Este estudo, liderado por Lien Faelenes, da Faculdade de Psicologia e Ciências da Educação do Departamento de Psicologia Clínica e da Saúde Experimental, usou uma abordagem de análise de rede para construir uma imagem mais complexa do uso do Facebook. As análises de rede são métodos usados para criar modelos gráficos de várias variáveis, com cada variável representada por um nó e os relacionamentos entre os nós mapeados como arestas. Mais especificamente:

“O presente estudo buscou modelar as associações únicas entre indicadores centrais do uso do Facebook e a vulnerabilidade para transtornos afetivos. Uma força importante deste estudo é que ele examina o papel do capital social e da comparação social na relação entre o uso do Facebook e os indicadores de bem-estar. ”

Public Domain

 

Não há falta de estudos recentes associando as mídias sociais à depressão. Muitos desses estudos destacam uma série de riscos psicossociais relacionados ao tempo excessivo frente à tela, incluindo problemas com a atenção.

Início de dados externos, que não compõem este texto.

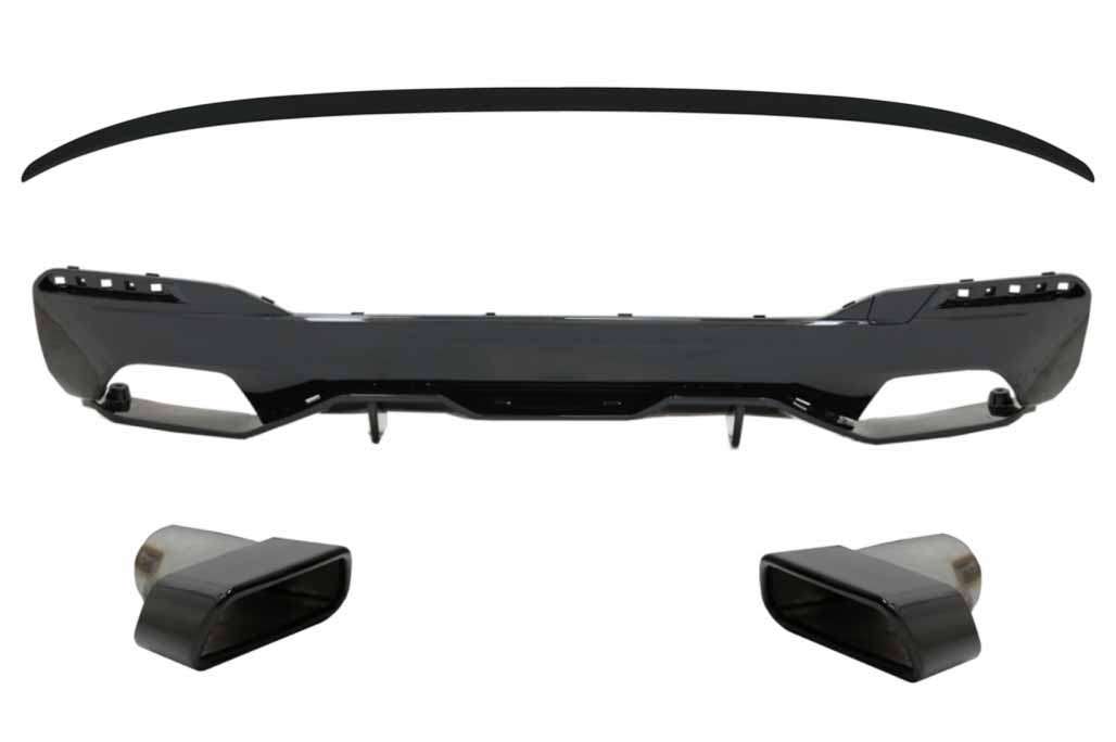 Rear Bumper Diffuser with Exhaust Muffler Tips Black and Trunk Boot Spoiler suitable for BMW 5 Series G30 Limousine (2017-up) M Performance Design

E, no entanto, outros estudos têm desafiado essas abordagens puramente pessimistas sobre o relacionamento entre as mídias sociais e a psicologia. Eles argumentam, em vez disso, que o uso de redes de mídia social pode aumentar o senso de propósito e os sentimentos de conectividade de uma pessoa, de maneiras que podem potencialmente neutralizar os efeitos negativos do seu uso excessivo. Em outras palavras, talvez não sejam essas ferramentas que causam problemas para as pessoas, mas como essas ferramentas são usadas para se relacionar com outras pessoas.

O estudo de Faelens et al. baseia-se em pesquisas anteriores conduzidas pelo autor principal, e que também usaram uma abordagem de análise de rede para ilustrar “associações complexas entre uso de mídia social, comparação social, autoestima e indicadores de risco para transtornos afetivos”.

O modelo desta pesquisa anterior sugeria que, quando a mídia social é usada principalmente para se comparar a outras pessoas, há uma probabilidade maior de baixa autoestima e sintomas de depressão. O estudo mais recente, no entanto, concentrou-se especificamente no uso do Facebook e procurou integrar fatores relacionados ao capital social e o controle da atenção nesse modelo gráfico.

O conceito de capital social– entendido como os benefícios mensuráveis que cada pessoa recebe das relações sociais – foi emprestado das pesquisas em sociologia e da teoria política. Indo além, os autores do estudo fazem uma distinção mais sutil, proposta por Putnam (2000), entre dois tipos de capital social: ‘capital social de ligação’ e ‘capital social de ponte’.

O capital social de ligação refere-se a benefícios de relacionamentos íntimos com a família e amigos, enquanto que o capital social de ponte refere-se aos benefícios dos laços ‘relativamente fracos’, mas que, não obstante, fornecem novas informações e têm o potencial de ampliar a visão de mundo do indivíduo.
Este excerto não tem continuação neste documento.